JR





JR is a 25-year-old Parisian of mixed race (he has Tunisian and eastern European blood), from a middle-class background. He never reveals his full name because it “would add nothing”. In his teens, he “tagged” as a graffiti artist, but only started taking photographs when he found a camera on the Paris Métro as a 17-year-old. He is now, in his own words, a hybrid “photograffeur”, who pastes enormous black-and-white photographic canvases in various urban environments. In Britain, his best- known work is certainly Ladj Ly — a photograph that captures all the tensions of the 2004 Paris suburb riots. But he has made his mark around the world.
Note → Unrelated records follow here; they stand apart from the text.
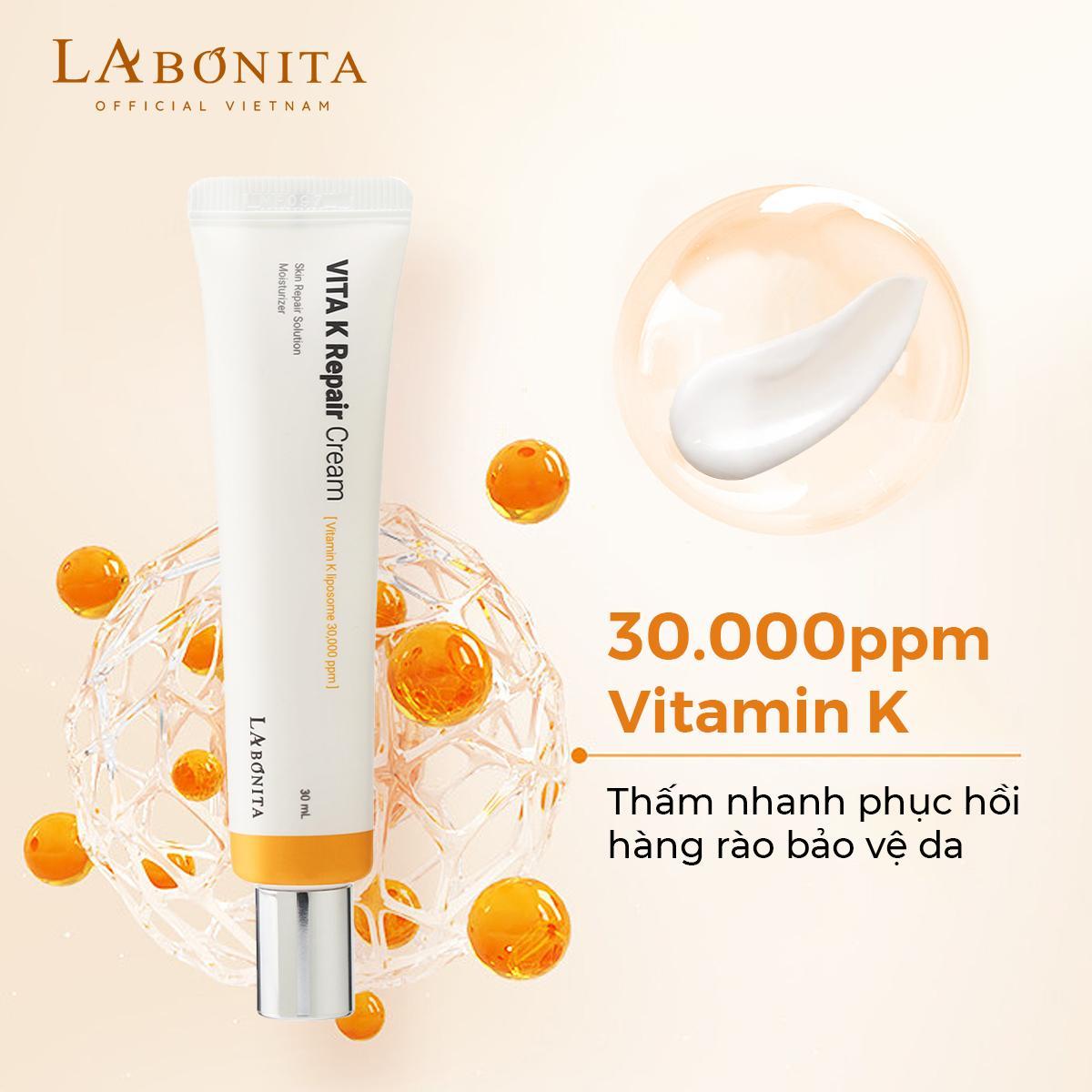 Kem Dưỡng Cải Thiện Da La Bonita Vita K Repair Cream 30ml mang đến khả năng làm dịu da, làm lành nhanh các tổn thương trên da do giãn mao mạch, thâm đỏ, bầm tím, sau peel da, sau laser, sau xâm lấn.
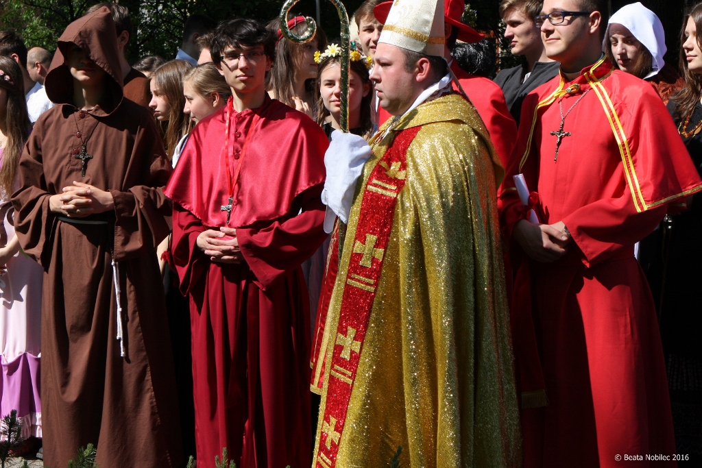 Uroczystość na Rynku zakończył pokaz walki średniowiecznych rycerzy. Niekłamany aplauz wzbudziły także średniowieczne tańce i pokaz dawnej mody. Po zakończeniu uroczystości orszak wrócił do szkoły. W orszaku udział wzięły także inne szkoły sądeckie, które mają patronów historycznych.
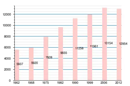 | 1962 | 1968 | 1975 | 1982 | 1990 | 1999 | 2006 | 2011 | 2012 |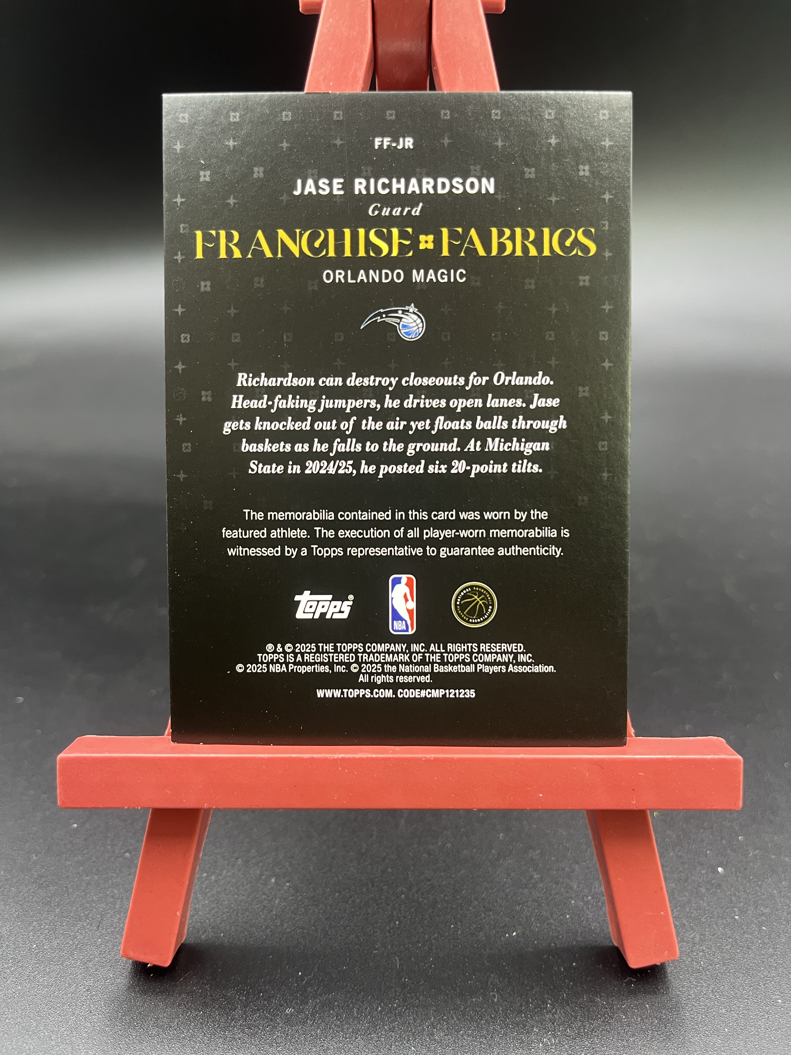 2025 Topps flagship Jase Richardson 杰斯 理查德森 新秀 RC 双色球衣物料切割 魔术 卡品如图【优质物料专场】04WZ
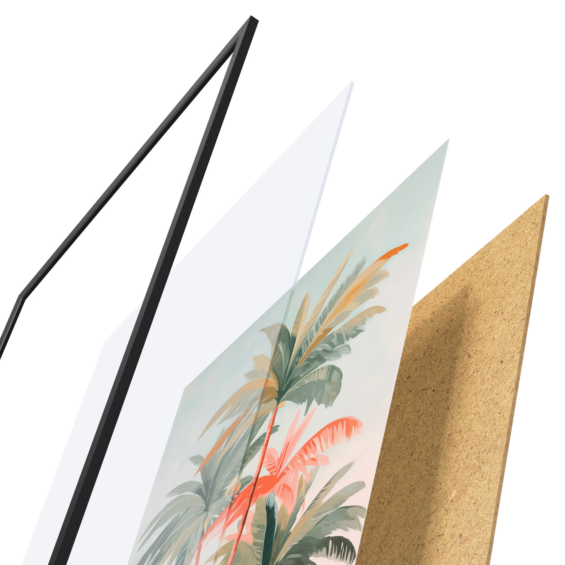 Plakāts sastāv no rāmja, pleksstikla, iespiestā attēla un skaidu plātnes pamatnes. Plakātu var uzreiz piekarināt pie sienas, pateicoties aizmugurē esošajiem stiprinājumiem.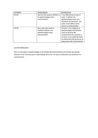 El documento resume tres definiciones de epistemología de acuerdo a tres fuentes. La primera fuente, Aristóteles, define epistemología como la ciencia o teoría de la ciencia. La segunda fuente se refiere a la epistemología como tener una mirada ecológica del conocimiento. Y la tercera fuente define epistemología como el estudio del conocimiento, sus fundamentos, límites y validez. El documento luego analiza las similitudes y diferencias entre las definiciones y concluye con la definición propia del autor, que es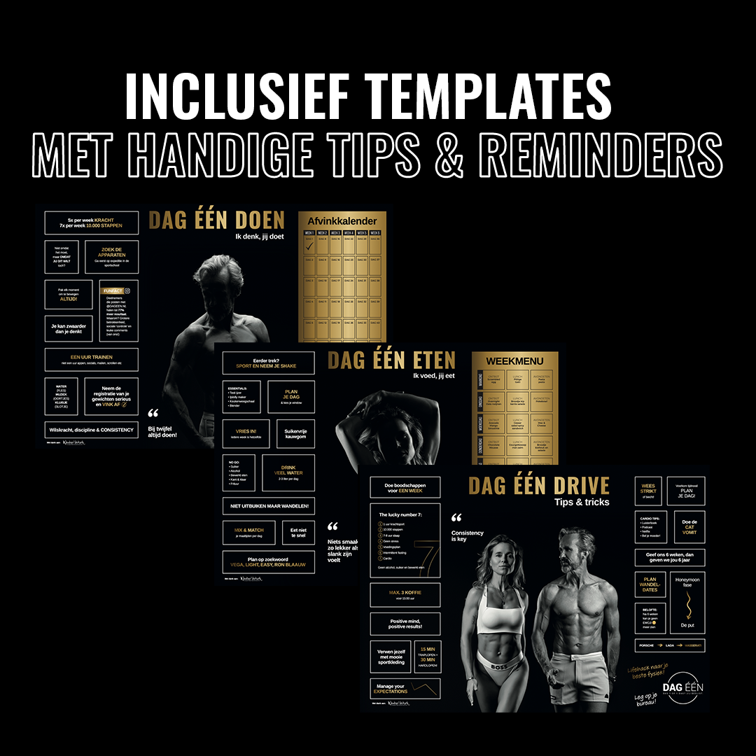 Dan leef je de lifestyle! Geloof het of niet, maar door 6 weken deze methode te volgen, gaat er een 'switch' om in je hoofd. Je weet dan niet beter en wilt ook niet anders meer. Je lichaam voelt goed, je bruist van energie, je slaapt lekker en je kan zelfs ook meer eten dan je deed, zonder dat je aankomt. Dus geen jojo-effect! Dit komt door de grotere verbrandingsmotor (spiermassa) die we in jou bouwen! Je metabolisme gaat omhoog en je spierdefinitie wordt zichtbaar. DAG ÉÉN staat dus letterlijk dag 1 van je nieuwe lifestyle!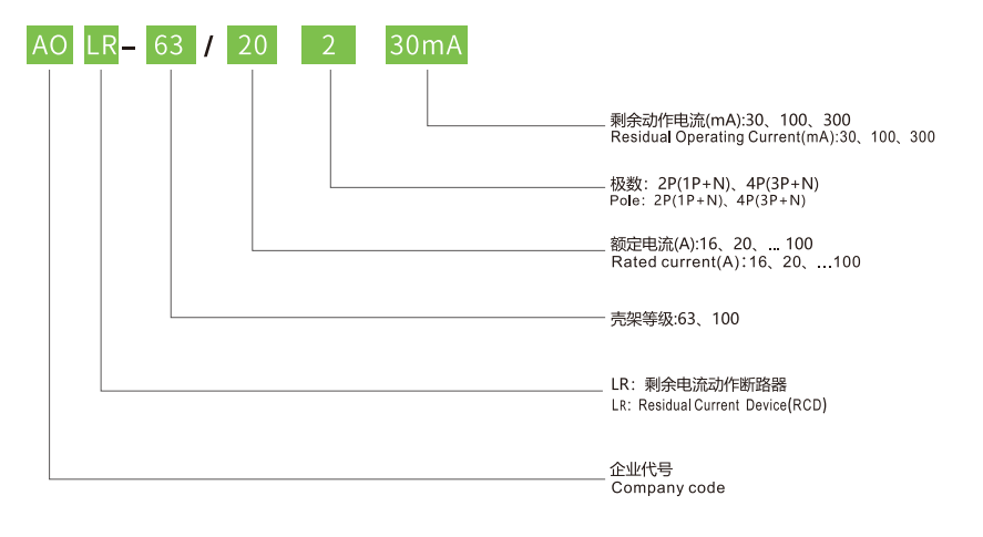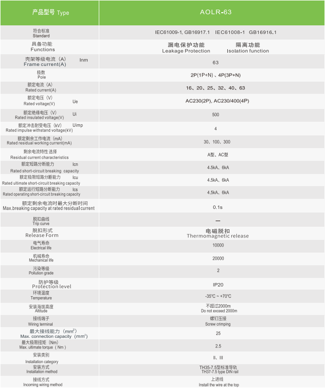 AOLR-63 2P(1P+N) 剩余电流动作断路器(电磁式)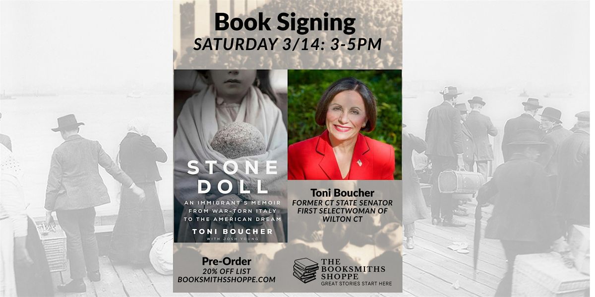 We are honored to welcome Toni Boucher — former Connecticut State Senator and First Selectwoman of Wilton — to The BookSmiths Shoppe as she signs copies of her powerful memoir, Stone Doll.In Stone Doll: An Immigrant’s Memoir from War-Torn Italy to the American Dream, Toni shares her deeply personal journey from a five-year-old girl leaving a stone farmhouse in post-war Italy… to building a life in America marked by resilience, entrepreneurship, public service, and leadership.

JR says he is not political. Rather than being an “artist with a cause”, he is “an artist who causes people to think”. He has never caused more ructions than he did in Israel and Palestine, where he pasted photographs of three religious worthies — a rabbi, an imam and a priest — pulling silly faces. JR put their pictures everywhere: in Ramallah, in Tel Aviv and, most famously, on the wall that separates Israel from the West Bank. He was arrested by the Israeli army for his trouble-making.

“It was frightening sometimes,” he admits. “There is a real conflict going on there that I was very aware of. But I was never saying, ‘I want to change this or that.’ The reaction of everyday people to what I was doing was great. They would give me the walls of their houses to do it. The art made a lot of sense to people. Pasting a picture of an Israeli and a Palestinian together on a wall in Ramallah is really quite a strong thing to see.”

The action was more than an artistic success. The imam and the rabbi who featured in the photographs became friends. They even travelled to Europe together to paste their own photos in Geneva and deliver a lecture in Paris. But JR makes no grand claims for his work. Indeed, he admits every other minute: “I know what I do does not change the world . . . it can only make a difference to how a few people look at the world.”